Why Google Glass Wearers Will Be The Next Bluetooth Jerks

Culture

Though society has never had less of a need for furtively-jerking, schizophrenically-talking strangers walking down the street with surveillance equipment, Google is nonetheless working hard to release their highly-publicized Google Glass in 2014. The device is essentially a lightweight titanium frame suspending a small computer display in the upper-right field of the wearer’s vision. It is controlled by touching the frame and by spoken and gyroscopic commands. Early reviews by tech bloggers have been glowing, many eagerly anticipating the product’s revolutionary potential. Despite the industry’s enthusiasm, though, questions remain about how readily the public will embrace it.

I predict that the splash among us laypeople will be noticeable enough to be irritating, but specialized enough to avoid being commonplace. On a tech-adoption scale from Zune to iPhone, the Glass will most likely end up smack in the middle — a dangerous area we might term “Bluetooth country.” In this hellish zone, a perfectly useful piece of personal technology is kept from fully capturing the market because of its considerable aesthetic shortcomings.

From one perspective, the Google Glass is overdue. From the first ring-mounted abacus in Qing Dynasty China to Dick Tracy’s watch, wearable technology has always been an appealing next step for technology that has arrived. But in today’s digital age, in which “disruptive” anti-traditionalism is a virtue, it’s possible that this association with old possibilities is precisely the quality that makes the concept of wearable technology feel tacky and dated. And though they’re not attached to our bodies, smartphones already fulfill the promise of wearable technology. These little boxes we carry in our pockets hold many times the computing power of NASA’s control room during Apollo 11 and are rarely further away than arm’s reach. Is there room for an even more integrative device?

Probably not immediately, if we acknowledge that a chief driver of smartphone adoption was that they looked cool. It’s not that phones are ubiquitous because we’re all fashion plates, but rather that the most successful technology is generally associated with desirable style. The strongest testament to consumers’ preference for design over computational power or novelty has been the success of Apple’s line of “i-” personal devices. The genius of Steve Jobs was to take technology that had been refined elsewhere – the MP3 player, the tablet, even his OS platforms – and put it in a “beautiful box.” The Google Glasses are not beautiful. They look like laser-tag goggles.

Techies might call it shallow, but ultimately tastemakers will never accept something that broadcasts that they’ve chosen function over form. Know what’s more efficient than the messenger back slung low across that hipster’s chest? A f*cking backpack. A big, foam-strapped, cavernously-pocketed JanSport backpack. There’s a reason that what is potentially the most functional personal-storage device ever invented — the fanny pack — has from the day of its invention been reviled as a clothing accessory. It’s because the wearer has chosen to bulge a vulnerable section of their abdomen in order to reach a disposable camera easier. It’s the same style awareness that condemns cargo pants and those retractable ID badge holders, and it will afflict Google Glass.

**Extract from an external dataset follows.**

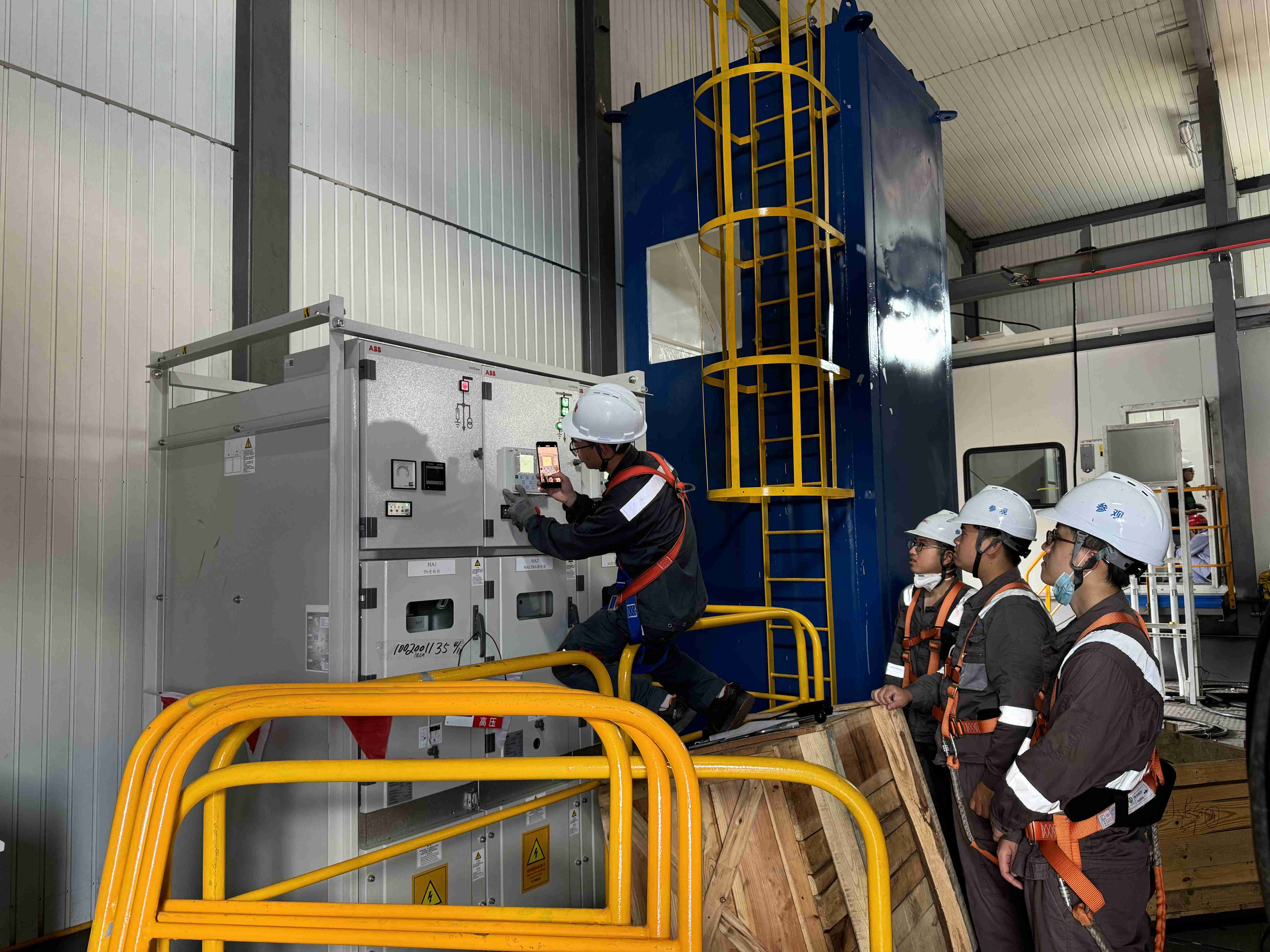 高压送电操作流程关键且复杂,需要确保高压电源的稳定性、电压的准确性以����� �������Ƴ����������� �������Ƴ������������ �������Ƴ������及电能质量的优良性。可门港3#卸船机高压柜采用先进的电力监测设备:如高精度的电压互感器、电流互感器、快速响应的继电保护系统、实时监测等,有效避免了过电压、过电流等异常情况的发生。此外,现场监造工程师和技术人员严格遵循����� �������Ƴ������������ �������Ƴ������������ �������Ƴ������������ �������Ƴ�������设计要求、施工规范规定及高压电气设备安装标准进行送电操作,众人凝聚合力推进高压送电环节,送����� �������Ƴ������������ �������Ƴ�������电过程各项参数正常,电气系统稳定运行,����� �������Ƴ������������ �������Ƴ�������顺利完成此项任务。

Moreover, there’s something particularly unseemly about the radical devotion to efficiency that head-mounted gear represents. It’s why you don’t see a lot of Foam Domes atop even the hardiest of ragers. Bluetooth headsets combine this unattractive efficiency with a timbre of obliviousness and self-importance into the pathetic sight of adults shouting themselves down the street. This dismal collage of impressions is another mountain Glass must climb.

Smartphones at least occupy your hand. Doing something with one’s hands has a hallowed place in the annals of looking cool; today’s phones are the umbrellas, clutches, and especially, cigarettes, of yesteryear. Somehow the completed circuit between one’s eye and what’s in his hand evokes a competent self-containment that will not easily be replaced by a glazed stare into space from someone who’s wearing this. It’s bad enough that bored people in bars check Twitter and scroll through old texts to look occupied; imagine seeing someone sigh and fire up their Google Glass in the corner.

I admit that part of my impulsive dislike for Glass is rooted in the potential deep-water reserves of narcissism that it may tap. Had you asked Ansel Adams in the 19th century what would be the most selfish thing he could do with his camera, he would surely say, ‘Why, to point the device’s eye away from God’s creation and t’ward your own visage, course.’ Well, we got tired of doing that. One of Google Glass’ selling points is that it offers a camera with which you can hands-free photograph and record what you’re currently looking at. There was a time when humans were interested in the visual perspectives of other creatures, like eagles and worms. Do we really want to breach this final frontier of narcissism and fully submerge into a world of the “myself-eye view?” The choice isn’t mine.

Google Glass is the first whiff of B.O. to come from what seems to be personal technology finally hitting puberty. Over time, the functions of our products will streamline and the software will evolve, and our aesthetic sensibilities will evolve along with them. Though GPS and teleprompter-like applications no doubt await to transform the Glass into a required purchase for certain uses, its debut will probably be met by a harsh world. I hope so, at least.